- Directed by: Ion Popescu-Gopo
- Written by: Ion Popescu-Gopo
- Starring: Gilda Manolescu Medeea Marinescu Ingrid Celia
- Cinematography: Alecu Popescu
- Edited by: Elena Belyavskaya S. Kusursuz
- Music by: Eugen Doga
- Production companies: Moldova-Film Soyuzmultfilm Casa de Filme 5 Animafilm
- Release dates: 21 December 1981 (Socialist Republic of Romania); 3 March 1982 (Soviet Union);
- Running time: 68 min.
- Countries: Socialist Republic of Romania; Soviet Union;
- Languages: Romanian Russian

= Maria, Mirabela =

Maria, Mirabela is a live-action/animated film jointly produced by Romanian and Soviet movie studios. The Romanian premiere took place on 21 December 1981 in Bucharest, The Soviet premiere took place on March 3, 1982 in Moscow.

== Maria, Mirabela (1981) ==

=== Plot ===
Oache (/ro/, /ro/), a frog meets old acquaintances: a butterfly, Omide (/ro/) and a firefly, Scăpărici (/ro/). Together they watch two girls playing in a meadow, Maria and Mirabela. Oache remembers an adventure when they all first met each other, and Oache begins to tell the story.

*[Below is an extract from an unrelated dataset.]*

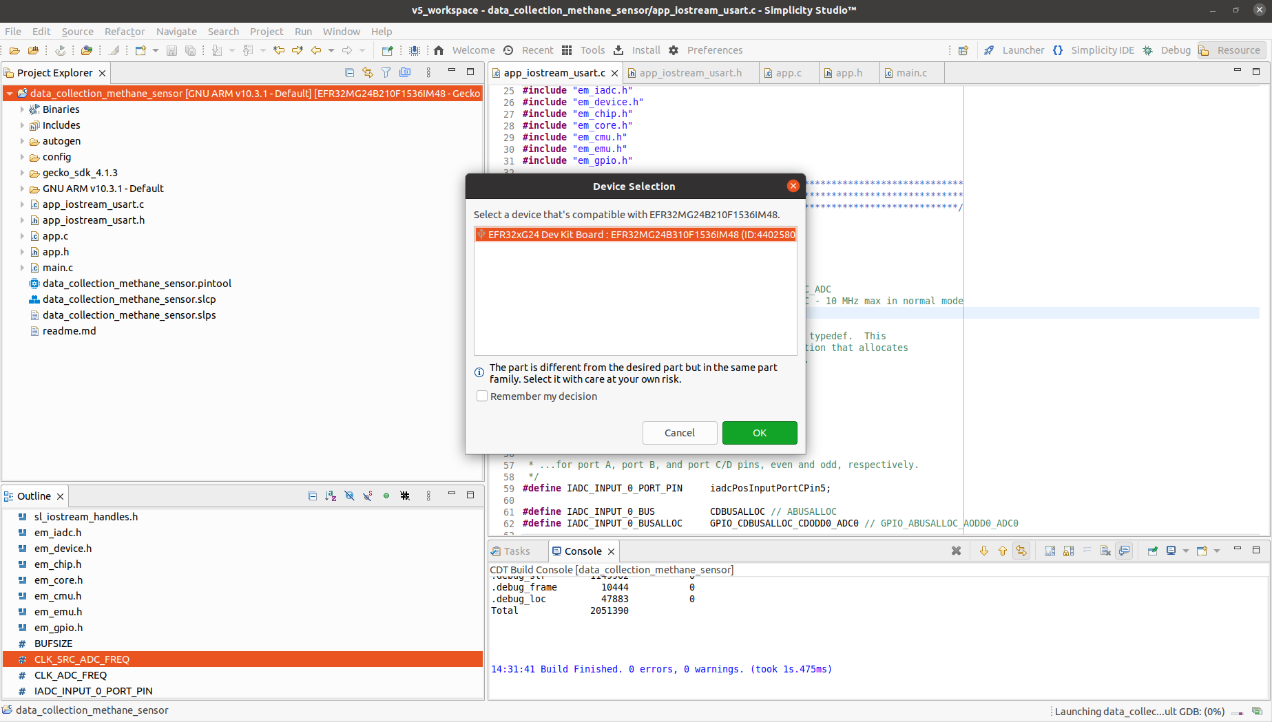 To keep things as simple and inexpensive as possible, the goal was to have this algorithm running directly on the EFR32xG24 Dev Kit, with no reliance on the cloud or external systems via a wireless connection. Edge Impulse fully supports this development board, so making that happen was as easy as clicking on the deployment tab and choosing “Simplicity Studio Component." This created a downloadable package that contains everything that is needed to run the full machine learning data analysis pipeline.

The story begins with Oache meeting the Fairy of the Forest who stopped to drink fresh water at his spring. He is surprised to receive thanks from the Fairy for the good water and, being impressed by the visit, he asserts that frogs are not good for anything. In punishment for the lie, the Fairy of the Forest freezes Oache's legs in the stream.

Two sisters playing with a ball, Maria and Mirabela come across Oache whose legs are frozen and decide to help him. They are helped by Oache's friends, a bunch of funny frogs. They cheerfully dance and melt the ice around Oache, then the girls take Oache with the remaining ice with them. They want to go to the Fairy of the Forest to cure and release Oache.

On the way to the Fairy the girls meet other fantastic beings who need help. They meet Scăpărici, a firefly whose shoes cannot glow because when he lights them, they set on fire. Then they meet the King of Caterpillars whose daughter Omide becomes a beautiful butterfly, but she is too afraid to fly.

The girls must get to the Fairy of the Forest before midnight, but time is running out. They visit the strict Lord of Time who does not want to stop the time for them for 5 minutes, so Maria and Mirabella sing a lullaby to him so that he can fall asleep, and time can be stopped. But, the sleeping lord had his arm on Maria's dress, therefore Mirabela hurries to the fairy by herself. But when she reaches the destination, it appears that when the time stopped, the Fairy of the Forest and all of her fantastic companions, including the 4 Seasons, have fallen asleep as well.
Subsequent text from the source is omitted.